Os subúrbios são a contradição final; acolhedor, mas cauteloso com estranhos, de aparência simples por fora, mas excessivamente complicado por dentro. Eles são o anestésico final, entorpecendo a dor em alguns e sufocando a vida de outros. É aí que reside o seu fascínio, porque o que é mais assustador do que um sonho que pode facilmente se tornar um pesadelo?
Sentar ou apenas se acomodar?
O medo de se estabelecer é um tema poderoso e predominante no cinema. Se a ambição impulsiona a maioria das maiores descobertas da humanidade, a acomodação é basicamente uma bandeira branca de rendição. Isso sinaliza que nossa hora de mudar o mundo e “fazer a diferença” chegou e se foi, e nos tornamos observadores, em vez de jogadores, no jogo da vida. Há uma razão pela qual tantos jovens pensam em se estabelecer como uma prisão feita de cercas brancas. É uma prisão perpétua de tranquilidade, o preço que você deve receber depois executando a corrida. Mas se você ainda está administrando, ou não se incomodou, o que significa se mudar para os subúrbios?
Há uma persistente vibração de frustração em nossa ideia dos subúrbios. Não é de admirar que alguns dos dramas mais chocantes ocorram em comunidades perfeitas povoadas por pessoas com potencial não realizado, tentando desesperadamente se manter à tona enquanto suas ambições despedaçadas os sobrecarregam. Imagine beleza Americana, Estrada revolucionária, Pessoas comuns, Crianças pequenase As Virgens Suicidashistórias que usam promessas quebradas, sonhos não realizados e intenções não realizadas para explorar nossa psique coletiva e quebrada.
De certa forma, os subúrbios são uma coleção de pessoas decepcionadas lutando para manter alguma aparência de felicidade. Os boomers e a geração X podem ser as pessoas que mais associamos à fantasia descarrilada dos subúrbios; eles basicamente assustavam as gerações futuras de quererem a fantasia enganosa da felicidade suburbana.
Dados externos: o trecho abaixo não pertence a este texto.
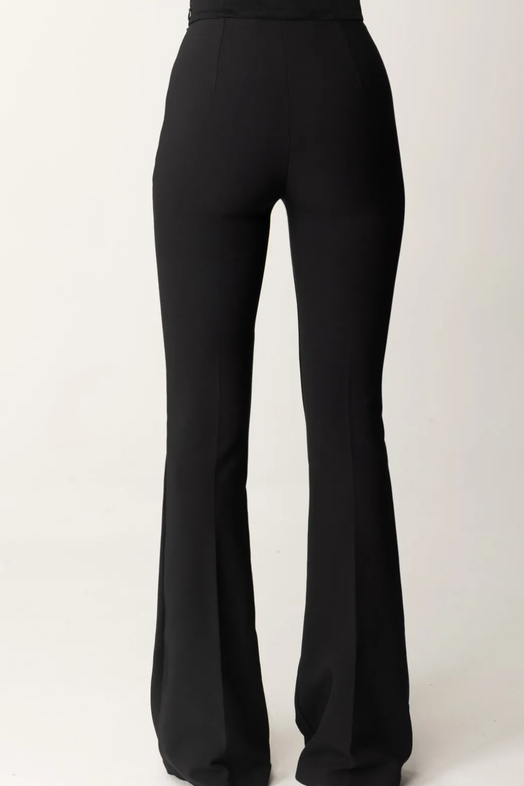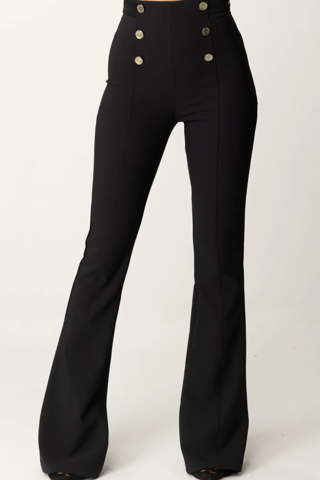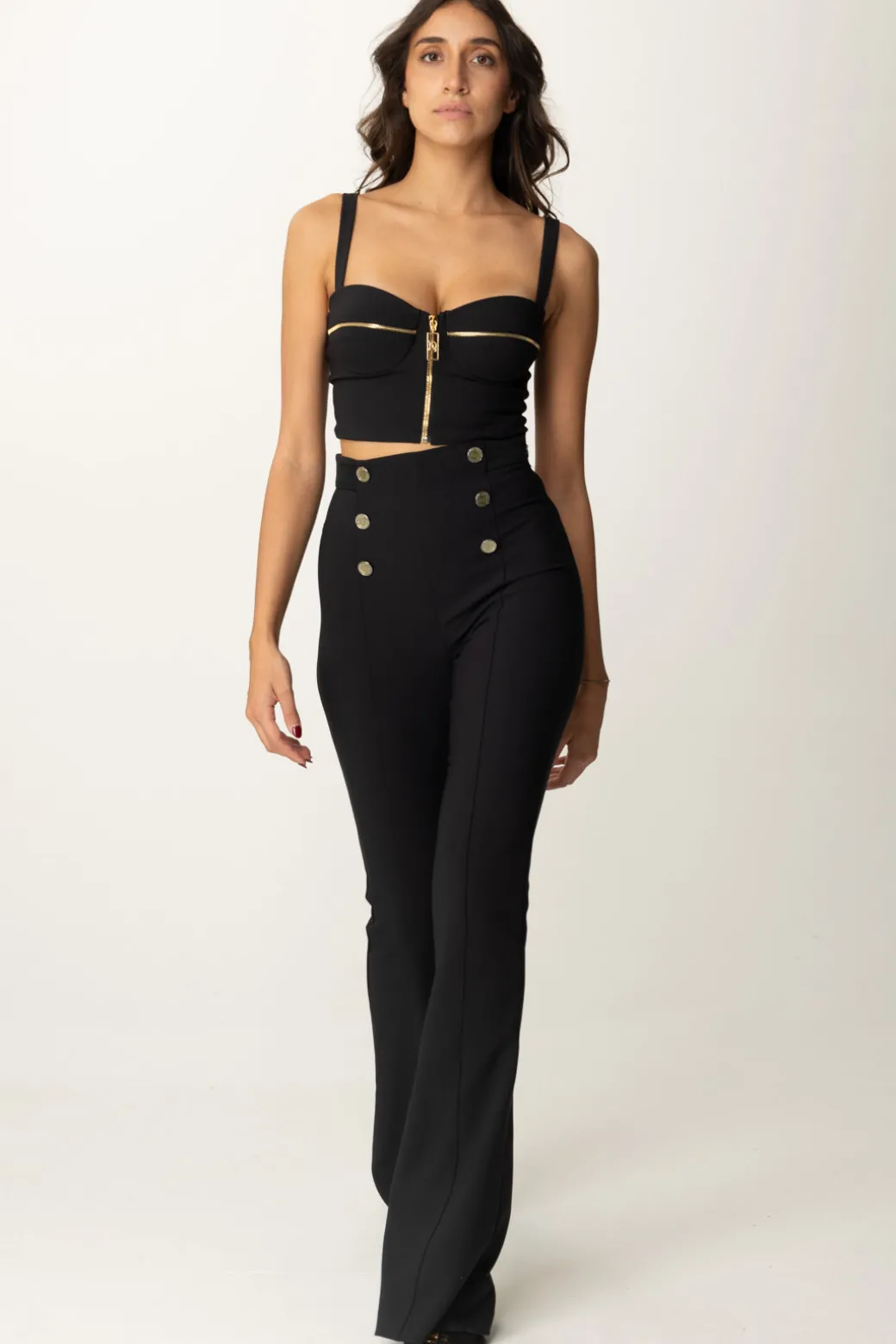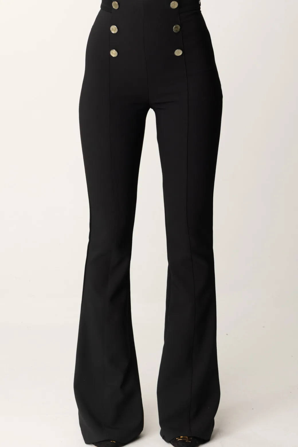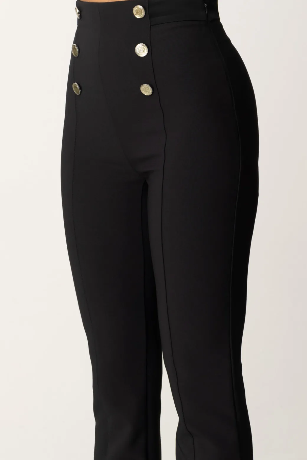 Pantaloni Elisabetta Franchi a vita alta ispirati allo stile nautico, con dettagli di bottoni decorativi sulla fascia in vita. Il taglio aderente e leggermente svasato verso il fondo conferisce una silhouette slanciata e femminile. Sono perfetti per un look da ufficio o un evento formale, ma possono essere facilmente resi più casual con t-shirt minimal e accessori appropriati.
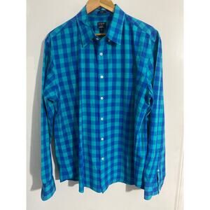 J Crew button down shirt men’s XL blue plaid cotton slim flex washed casual
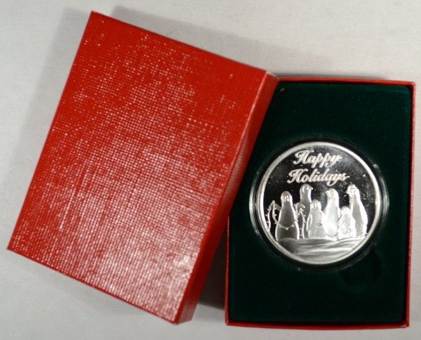 PENGUINS ON A HIGH QUALITY ART BAR WITH PLASTIC CAPSULE AND RED GIFT BOX MAKES THE PERFECT GIFT, EST. $60.00 TO $65.00
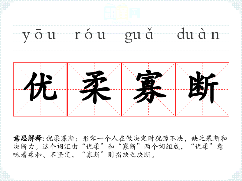 优柔寡断:形容一个人在做决定时犹豫不决,缺乏果断和决断力。这个词汇由“优柔”和“寡断”两个词组成,“优柔”意味着柔和、不坚定,“寡断”则指缺乏决断。
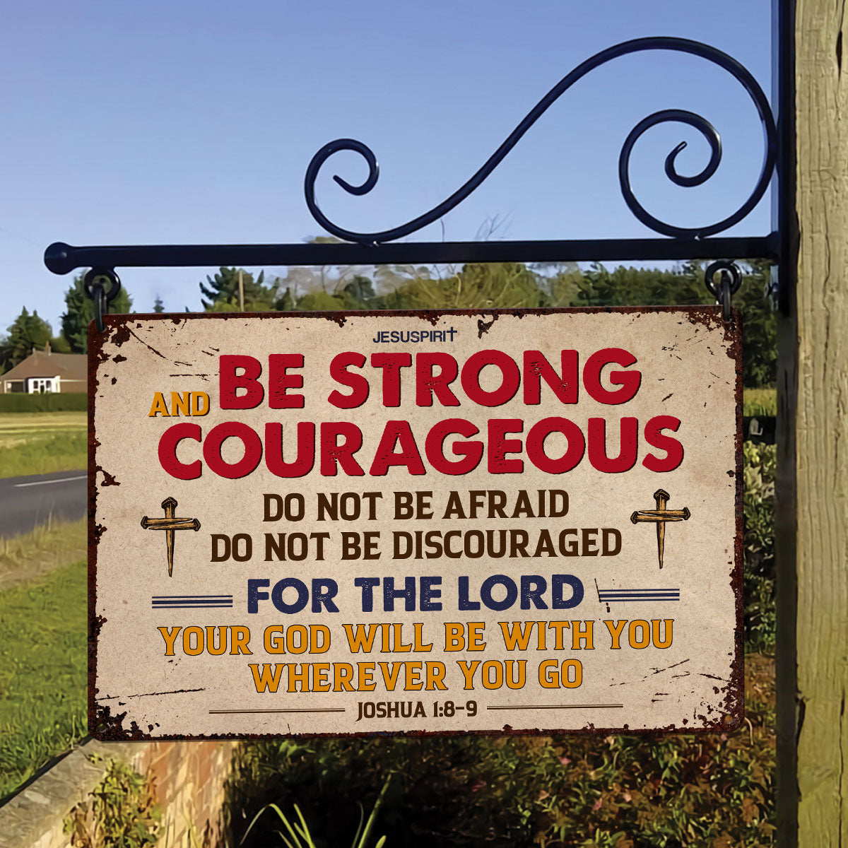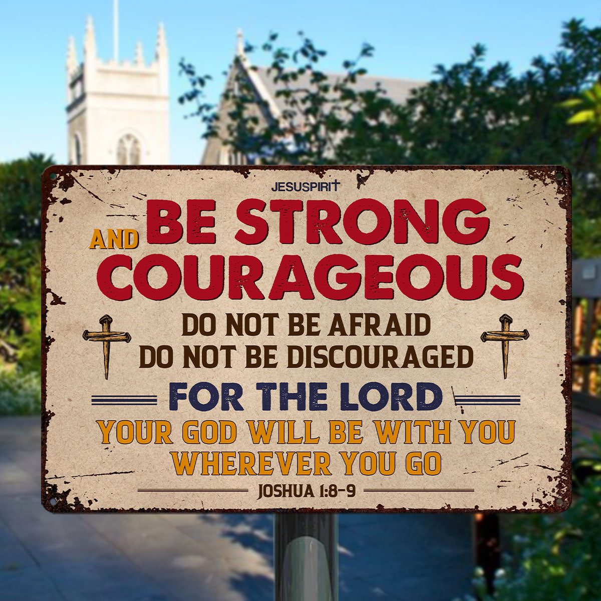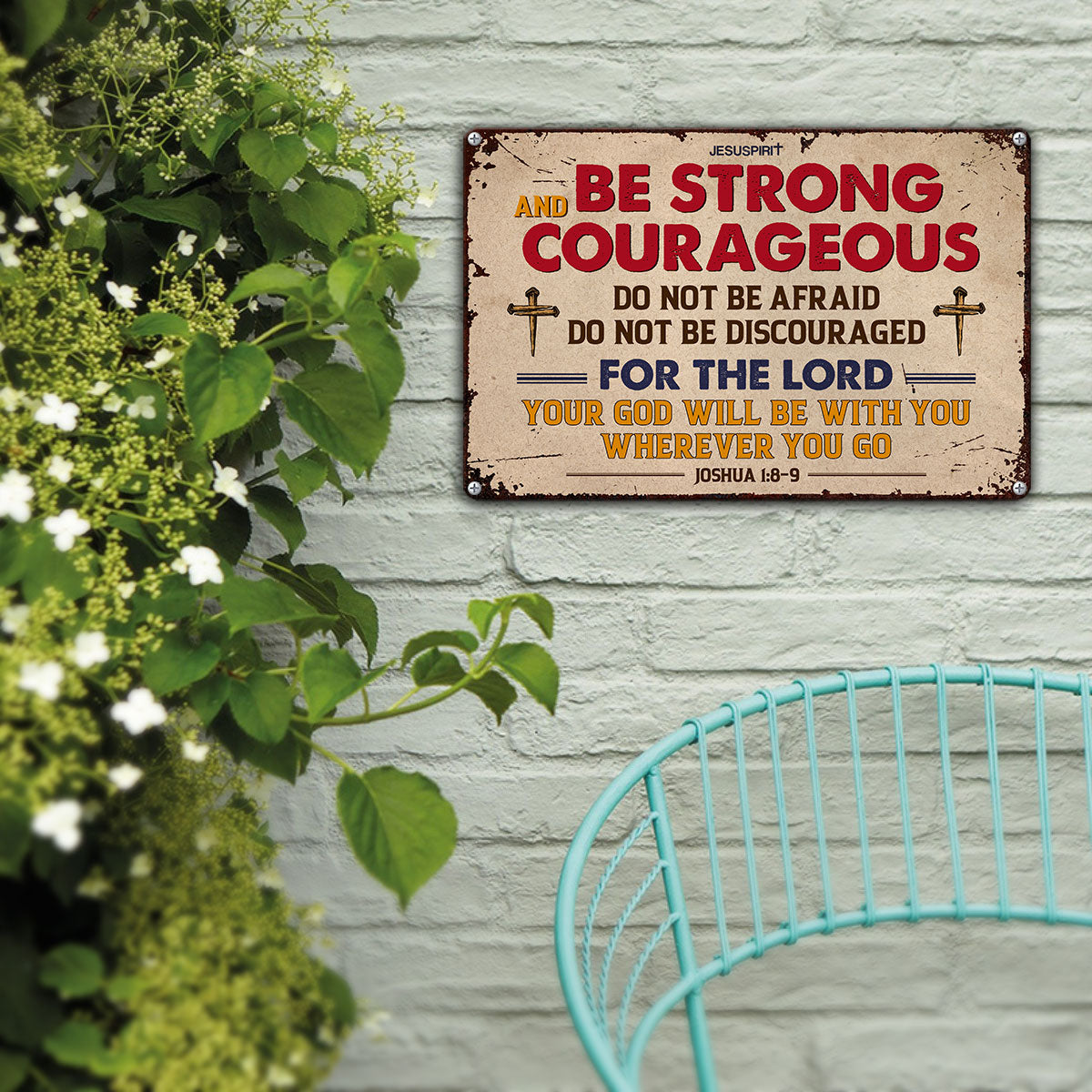 UX Jesus Metal Sign  Joshua 18-9  Be Strong And Courageous NUH461
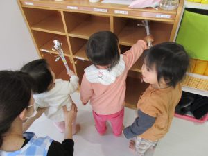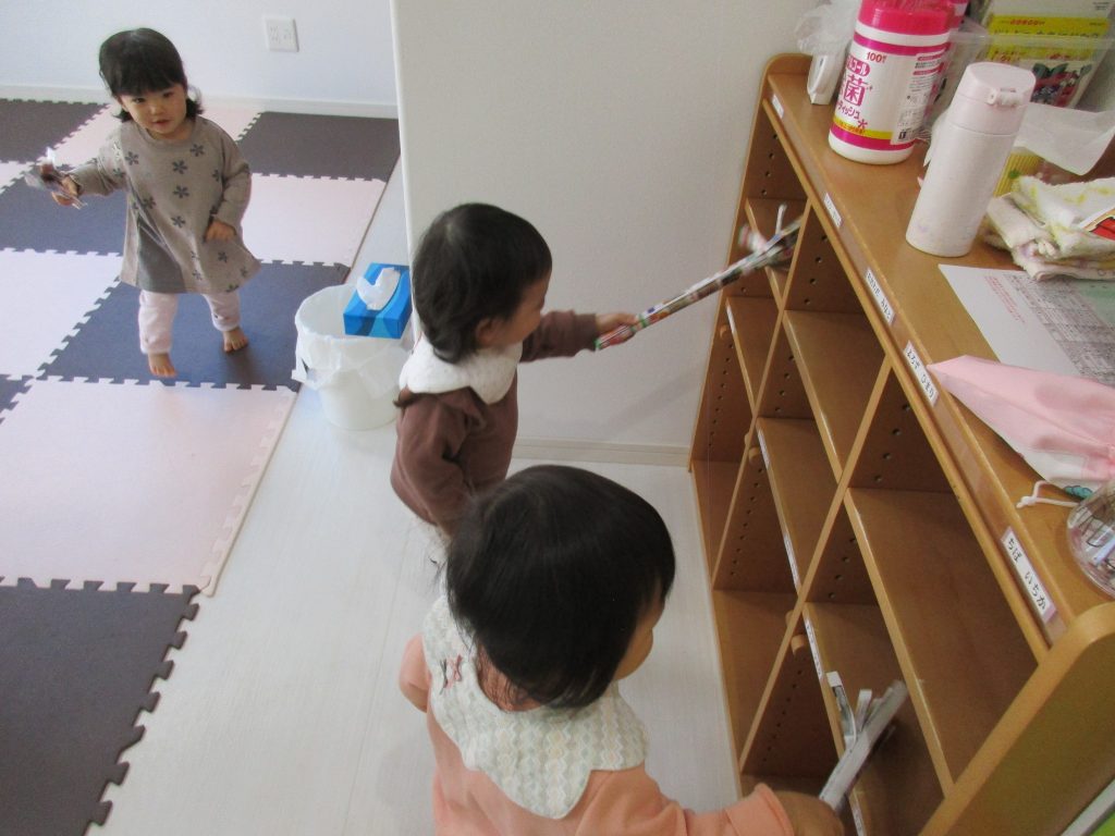 先生の真似をして上手にお掃除してくれました(*^▽^*)

Assim, os subúrbios existem perpetuamente em um estado americano dos anos 1950 e 1960, para sempre congelados em um determinado tempo e lugar, fixados em idéias antiquadas que abraçam a tradição. A nostalgia prospera nos subúrbios, aumentando sua falta de apelo; para Hollywood, entrar nos subúrbios é como voltar ao passado, quando os homens eram homens, as mulheres eram mulheres e as coisas eram mais simples. Exceto, eles não eram.
Não há nada pior do que ser normal
Os subúrbios convidam à normalidade; na verdade, poucos ambientes são tão homogêneos quanto os subúrbios. Pelo menos na imaginação de Hollywood, essas comunidades unidas evitam todos que não são brancos e bonitos, sinalizando-os como indesejáveis e transformando-os no temido olá. Essas figuras condenadas são protagonistas maravilhosos porque o público instantaneamente se identifica e torce por eles para derrubar o estabelecimento. Os underdogs sempre serão heróis atraentes, e os heróis do subúrbio são aqueles que não se encaixam. Porque na tela grande, não há nada pior do que ser normal.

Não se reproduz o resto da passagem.